Take from the entries below the stretch from the line with "V.G. [GRESCHIK Viktor]" through the line with "2. Beams and", and return it exactly, leaving the pictures out.

» Record extracts
+ + +

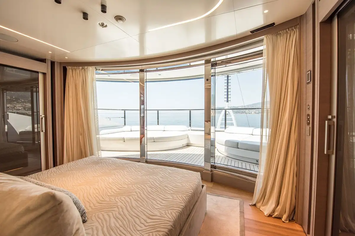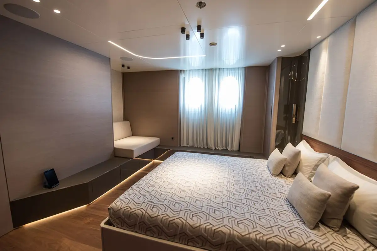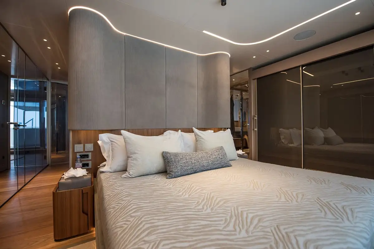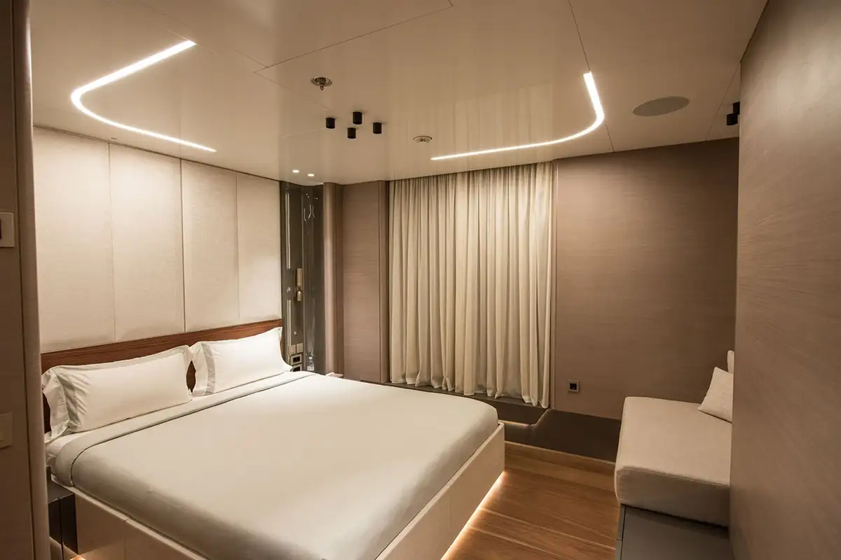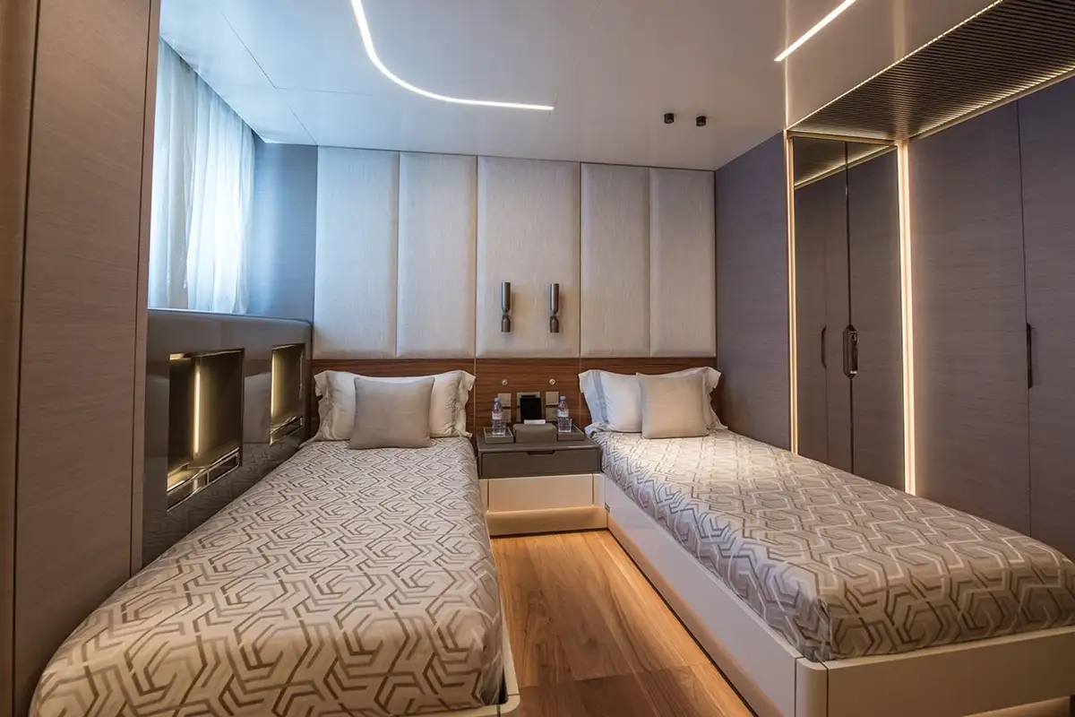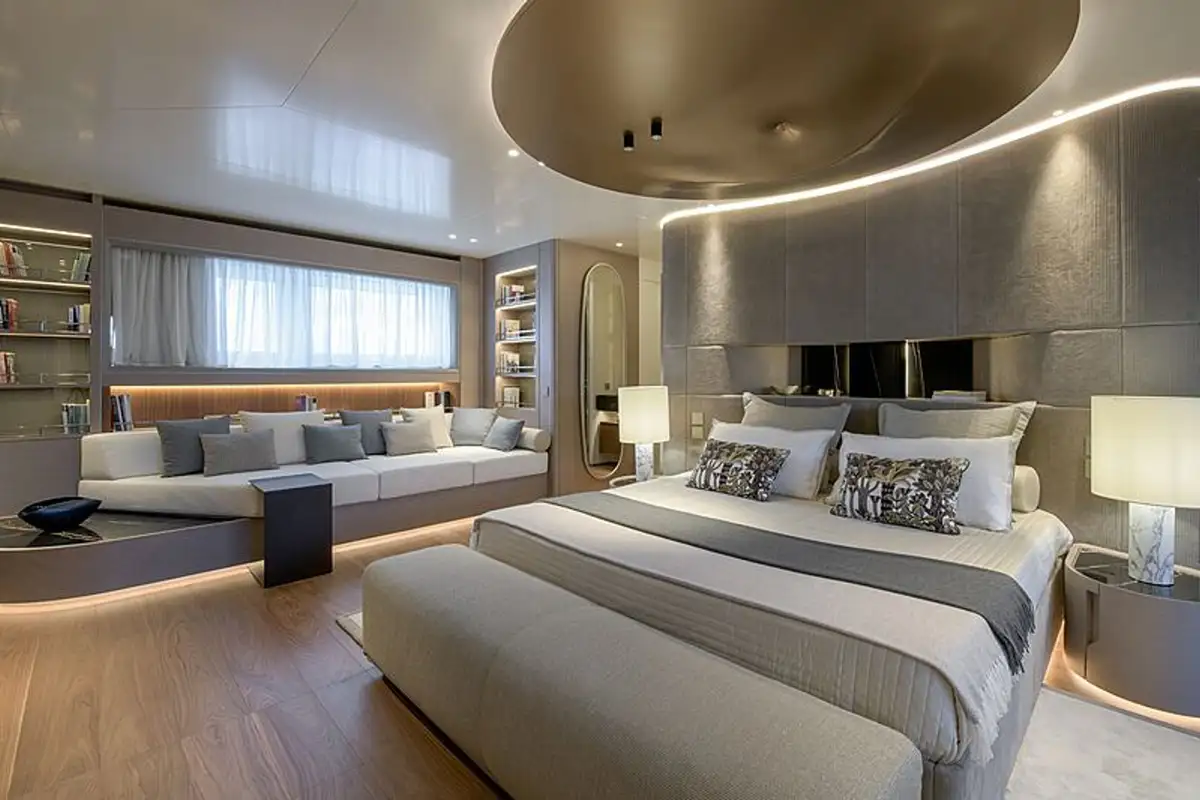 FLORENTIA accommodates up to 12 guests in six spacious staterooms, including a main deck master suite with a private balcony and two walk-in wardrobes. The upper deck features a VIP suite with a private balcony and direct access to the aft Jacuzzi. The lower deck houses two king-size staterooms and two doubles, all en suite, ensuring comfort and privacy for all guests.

+ + +

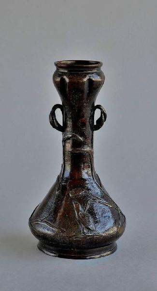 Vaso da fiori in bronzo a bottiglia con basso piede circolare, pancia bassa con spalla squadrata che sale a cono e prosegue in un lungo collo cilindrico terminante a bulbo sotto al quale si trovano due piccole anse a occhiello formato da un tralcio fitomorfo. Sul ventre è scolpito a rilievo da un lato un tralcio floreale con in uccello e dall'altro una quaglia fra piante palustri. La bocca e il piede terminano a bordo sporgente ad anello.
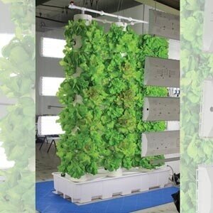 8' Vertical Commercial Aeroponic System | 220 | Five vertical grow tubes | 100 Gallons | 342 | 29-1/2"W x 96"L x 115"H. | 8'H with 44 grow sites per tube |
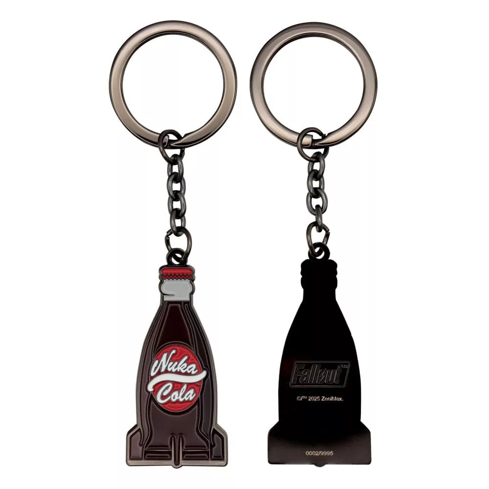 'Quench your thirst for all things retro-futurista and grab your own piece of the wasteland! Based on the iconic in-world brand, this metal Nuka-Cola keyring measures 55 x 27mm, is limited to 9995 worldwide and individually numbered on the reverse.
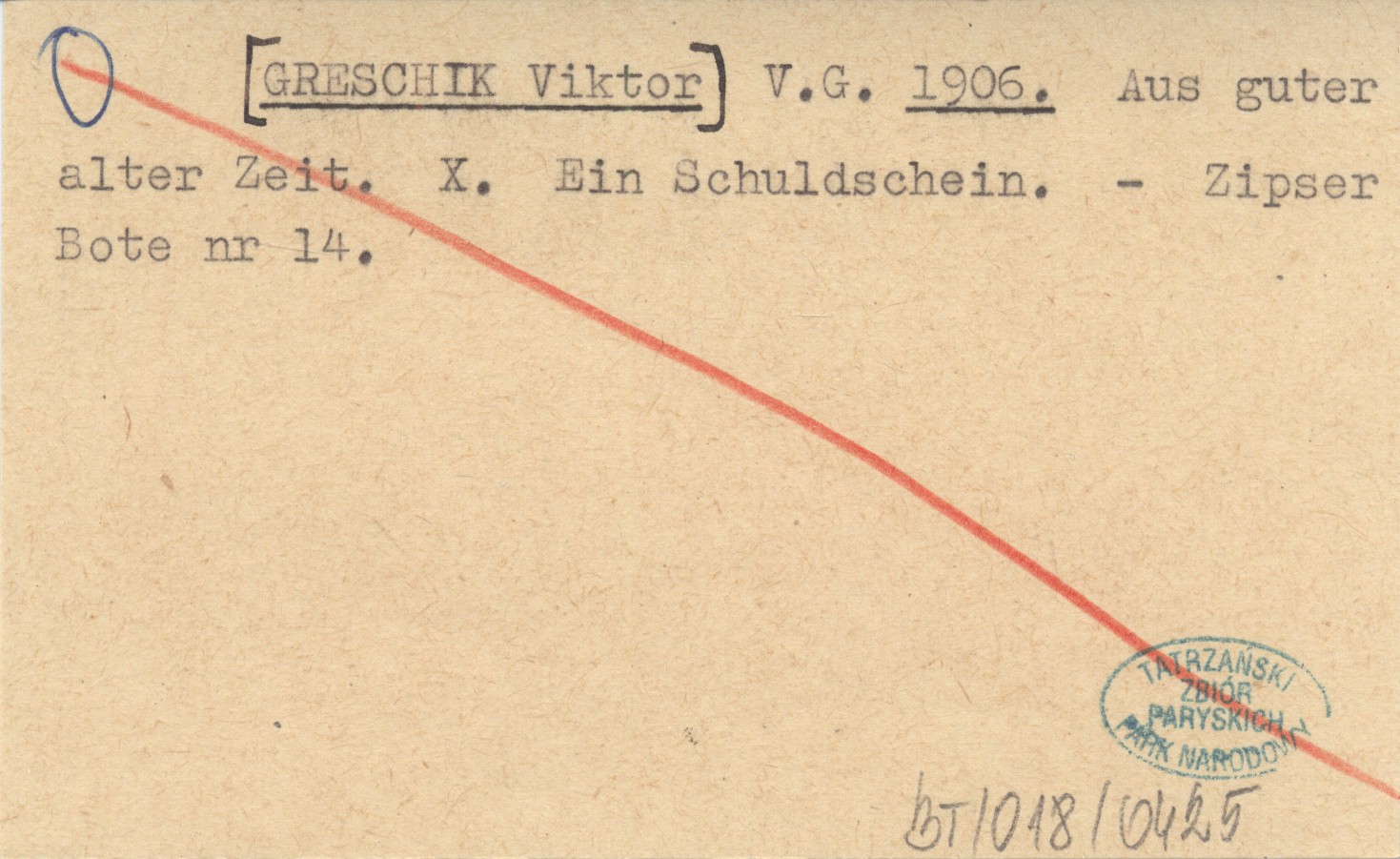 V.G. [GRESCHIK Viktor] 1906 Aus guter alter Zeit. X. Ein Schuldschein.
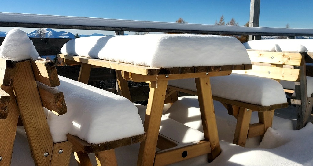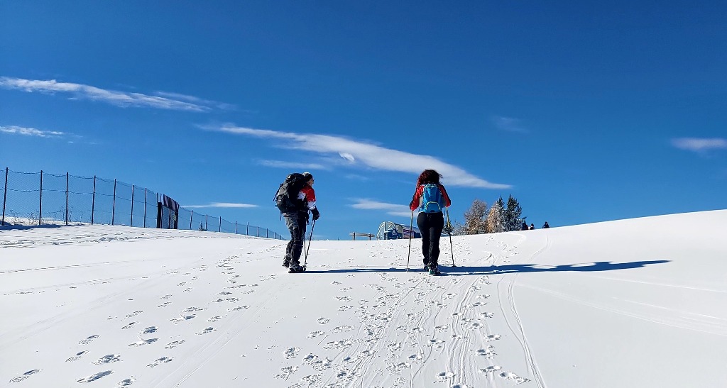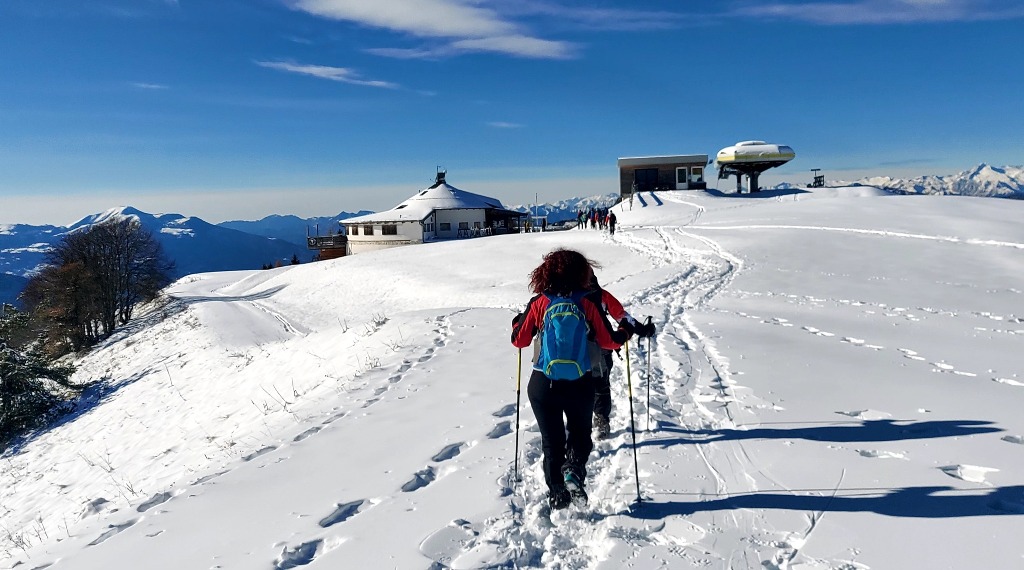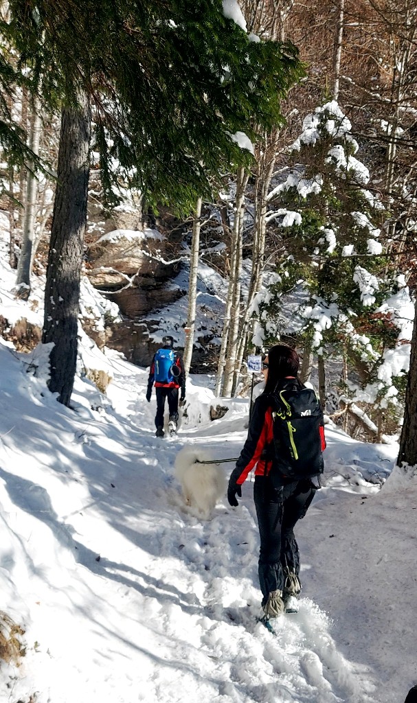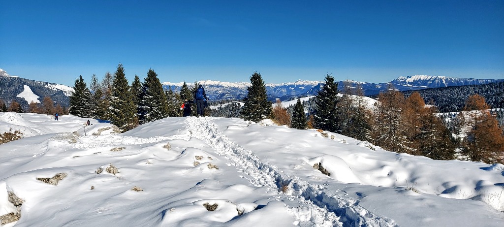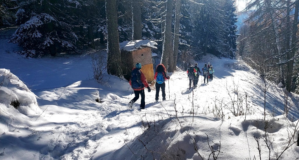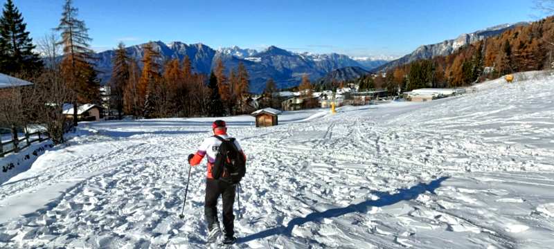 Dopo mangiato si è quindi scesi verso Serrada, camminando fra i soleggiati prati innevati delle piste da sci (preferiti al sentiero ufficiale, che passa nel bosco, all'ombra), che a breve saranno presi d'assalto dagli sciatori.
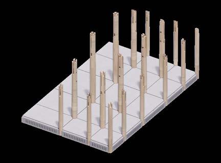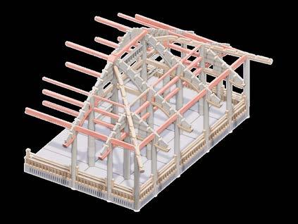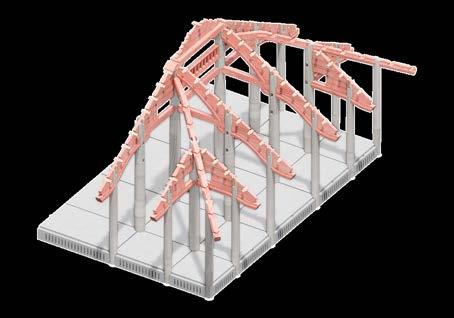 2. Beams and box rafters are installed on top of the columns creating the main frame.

+ + +

» Answer for this exercise
 V.G. [GRESCHIK Viktor] 1906 Aus guter alter Zeit. X. Ein Schuldschein.
 Dopo mangiato si è quindi scesi verso Serrada, camminando fra i soleggiati prati innevati delle piste da sci (preferiti al sentiero ufficiale, che passa nel bosco, all'ombra), che a breve saranno presi d'assalto dagli sciatori.
 2. Beams and box rafters are installed on top of the columns creating the main frame.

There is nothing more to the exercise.